■ **WHAT YOU HAVE TO DO**
Your answer must be an exact transcription of the data, with every picture omitted.

■ **GIVEN DATA**
----------
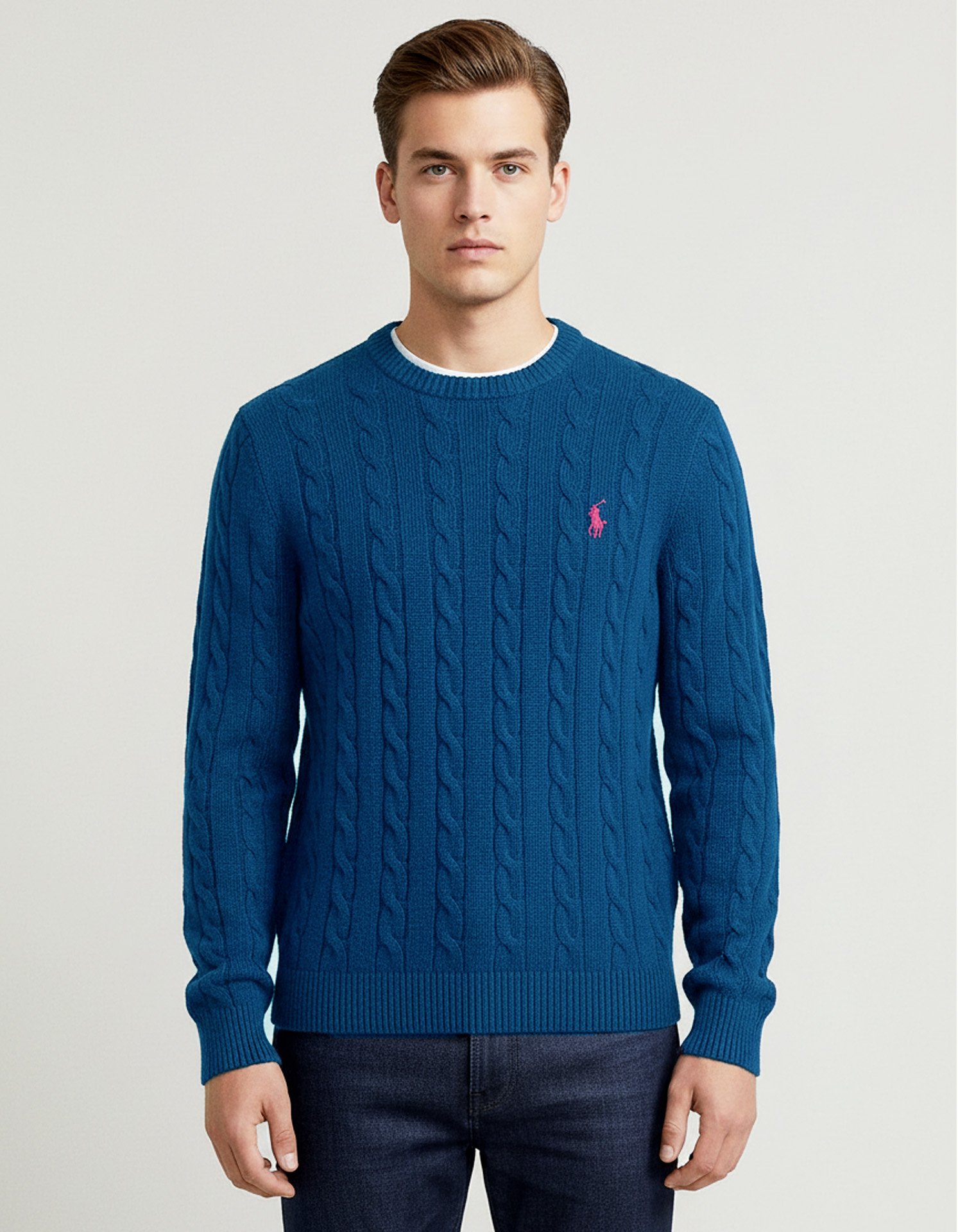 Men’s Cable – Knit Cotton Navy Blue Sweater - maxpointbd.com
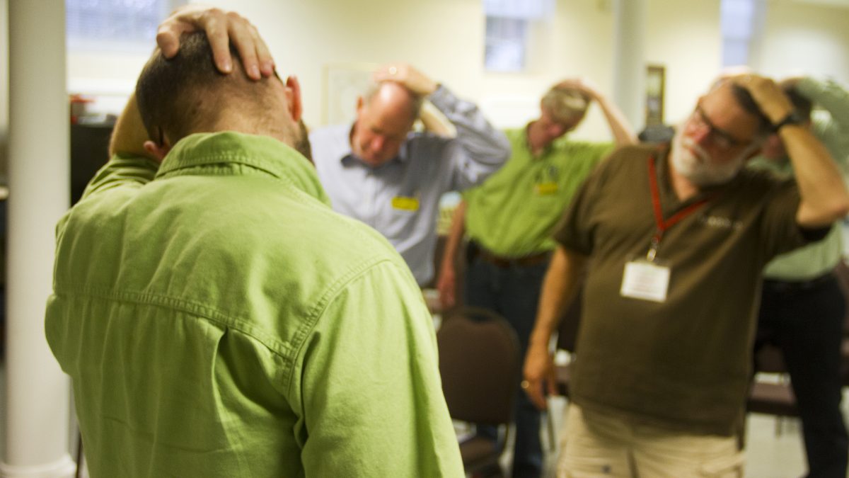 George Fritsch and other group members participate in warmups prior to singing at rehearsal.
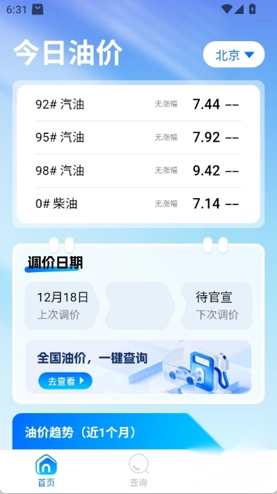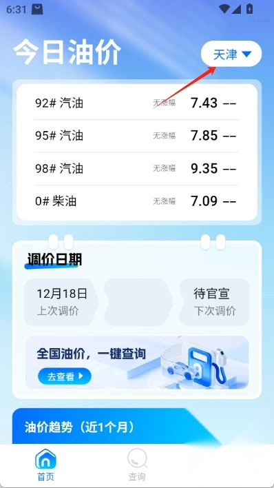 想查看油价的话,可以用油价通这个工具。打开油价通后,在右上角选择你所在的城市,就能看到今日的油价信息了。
----------
■ **TASK RESULT**
 Men’s Cable – Knit Cotton Navy Blue Sweater - maxpointbd.com
 George Fritsch and other group members participate in warmups prior to singing at rehearsal.
 想查看油价的话,可以用油价通这个工具。打开油价通后,在右上角选择你所在的城市,就能看到今日的油价信息了。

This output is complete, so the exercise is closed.